Gereja dan telogi harus menjelma diri dalam kebudayaan, seperti Kristus ‘menjelma’ dalam wujud seorang suku bangsa Yahudi ( Roma 9:5 ). Ini berarti Teologia gereja tidak dapat tetap menjadi orang asing ditengah suatu kebudayaan, ia harus menjadi anak bangsa itu yang diharapkan sebagai kontak langsung antara iman dan budaya.[18] Ini perlu kita gumulkan karena, masalah teologi adalah sesuatu yang hidup, dan tidak dapat dipahami sebagai sesuatu yang statis, sebagai seperangkat rumusan yang baku dan final.
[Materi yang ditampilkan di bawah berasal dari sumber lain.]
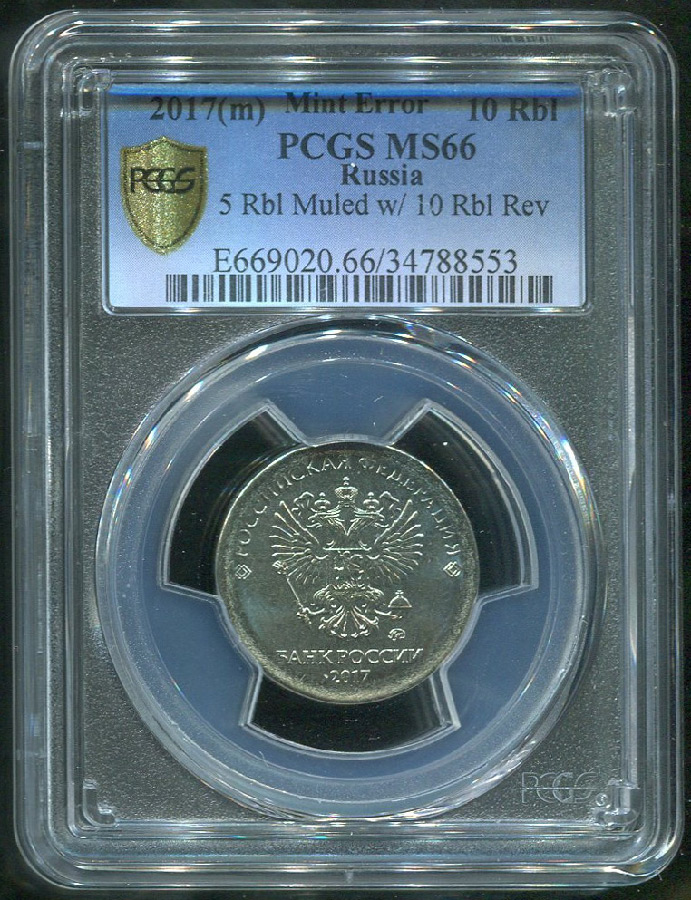 Брак чекана, т.н. "перепутка": при чеканке использовались штемпеля монет разных номиналов - штемпель реверса 10 рублей и штемпель аверса от 5 рублей.
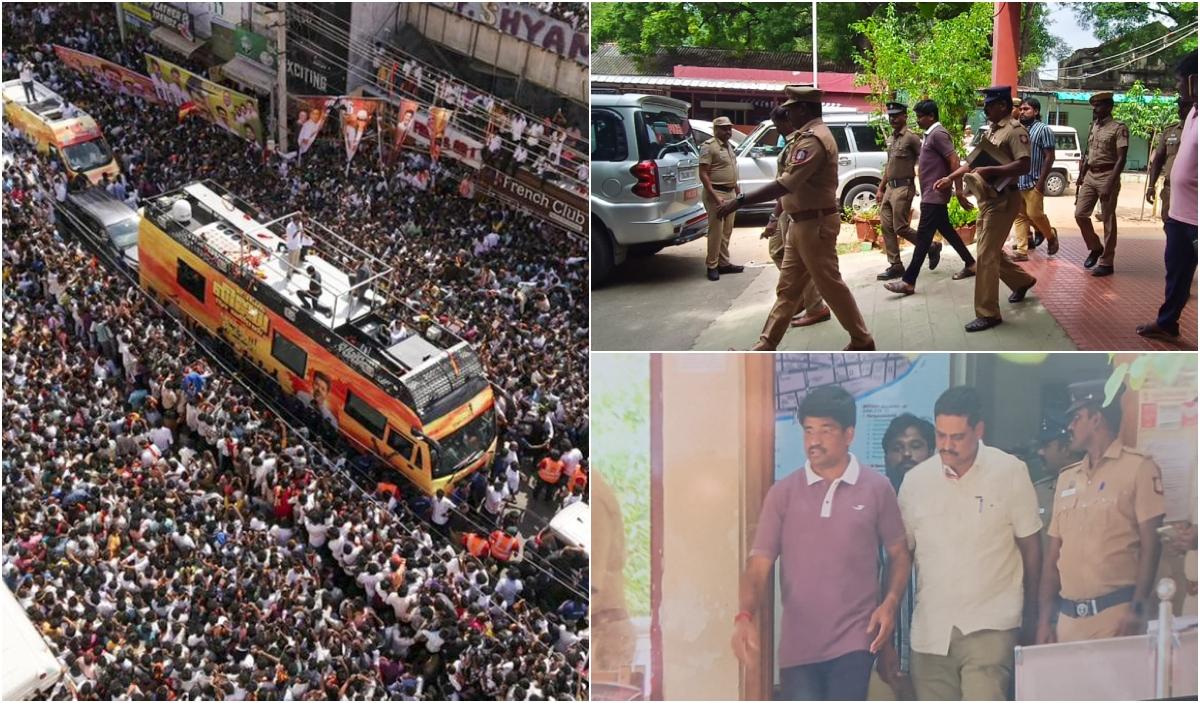 காரசார வாதம்: நீதிமன்றத்தில் காவல்துறை தரப்பில், ”கூட்டம் அளவு கடந்து சென்றதும் பேருந்தை முன்பே நிறுத்தச் சொல்லி நாங்கள் சொன்னோம் – ஆதவ் அர்ஜுனா கேட்கவில்லை. பிரச்சாரத்துக்கு வேலுச்சாமிபுரம் இடம் போதுமென்று புஸ்ஸி ஆனந்த் தான் கூறினார். அப்போதே அவர் அந்த இடம் வேண்டாம் என்று சொல்லியிருக்கலாமே. மேலும், நேர அட்டவணையை விஜய் கடைப்பிடிக்கவில்லை. ராங் ரூட்டில் சென்றார். விஜய் சொன்னபடி சரியான நேரத்தில் வந்திருந்தால் கூட்ட நெரிசலே ஏற்பட்டிருக்காது.” என்று தெரிவிக்கப்பட்டது.

Keberadaan STT-Seminari atau Lembaga Pendidikan Teologi

Ada kecendrungan bahwa Lembaga Pendidikan Teologi / Seminari, Sekolah Alkitab ( termasuk yg instand dalam segi waktu ) sebagai “wadah pengkajian teologia” selama ini cenderung menggunakan kurikulum yang berorientasi Barat yang kurang menekankan pendidikan teologi dari budaya bangsanya sendiri. Sistem pendidikan seperti ini hanya menghasilkan lulusan-lulusan berorientasi pengulangan teologi Barat sedangkan masalah berteologi secara konteksual, pengembangan pribadi untuk kreatif dan beranalisa sosial kurang ditekankan. Ada kecendrungan, Sekolah-sekolah yang bergerak dibidang pendidikan Teologi sering kali hanya terfokus pada penerjemahan dan perumusan hasil refleksi dari Teolog Barat hal ini tampak dalam kurikulumnya, dan pemakaian buku-buku Teologi dari Eropa, dan pengutipan pendapat para tokoh/ Teolog abad-abad sebelumnya. Mahasiswa banyak “menjunjung tinggi” Alkitab sebagai Firman Allah namun dalam kenyataan yang dijunjung sebenarnya adalah perangkat rumus-rumus dari suatu ajaran dogmatis tertentu dari ayat-ayat Kitab Suci. Kalaupun ada Tafsiran tetapi sangat diwarnai oleh ajaran dogmatis tertentu itu.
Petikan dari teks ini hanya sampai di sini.